Meslek yasasının eksikliği ve ek olarak yayınlanan yönetmelik, yeni mezun psikologlar başta olmak üzere bütün psikologların üzerinde ‘yanlış yapma korkusu’ yaratıyor. Eğitim hayatlarında öğretilen etik kurallar çerçevesinde hareket etmeye özen gösterirlerken süreklilik halinde değişen kurallar bu durumu zorlaştırıyor.
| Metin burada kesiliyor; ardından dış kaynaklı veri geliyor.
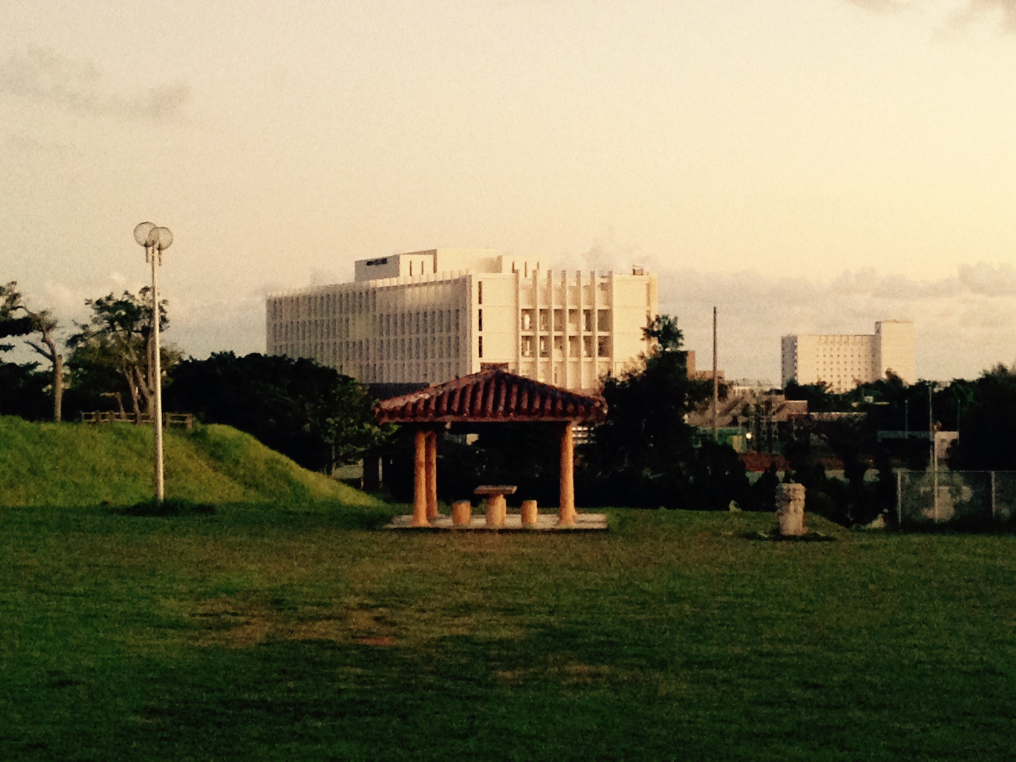 公園のシンボルのシーサーも、朝は面もちが違う。

Psikoloji alanı ekonomik olarak da büyük yatırım istediği için psikologlar bu değişikliklere ayak uydurmaya çalışırken maddi olarak yanlış bir adım atmaktan korkuyorlar. Ayrıca her yıl verilen mezun sayısının fazlalığının oluşturduğu istihdam sorunu, iş arama sürecinin zorlaşmasını sağlıyor, uzun süre iş bulamayan bazı psikologlar istemeyerek başka sektörlere yönelebiliyorlar. İçinden geçtikleri bu süreç; bıkkınlık, umutsuzluk, yorgunluk gibi duygulara sebep olabilirken depresyon gibi psikolojik sorunlar yaşanmasına da yol açabilir.

 

Bu noktada psikologların meslektaşları ile paylaşım ve dayanışma içinde olmaları, olumlu duyguların yaşanmasına sebep olabilir. Psikologların bir araya gelebileceği ve dayanışma içinde olabileceği kurum sayısının çok az olduğunu, bu konuda adımlar atılması gerektiğini dipnot olarak belirtmek isterim. Ayrıca psikologların kendi terapi süreçlerinden geçmeleri de yaşadıkları olumsuz duyguları düzenleme konusunda kritik olabilir. Sivil toplum kuruluşlarında aktif gönüllülük yapmak da olumlu duygular hissetmelerine yardımcı olabilir. Bu tür aktiviteler mesleki yalnızlığı ve onun getirdiği olumsuz duyguları aşma konusunda büyük katkı sağlayabilir.

 

Tüm psikologların Dünya Psikologlar Günü’nü kutlarız. Bu önemli gün vasıtasıyla sorunlarımızın görülmesi ve gelecek günlerde çözümü için gerekli adımların atılmasını temenni ediyoruz. Psikologların kaygıları giderilmiş bir biçimde mesleklerini icra edebildiklerini görmek dileğiyle.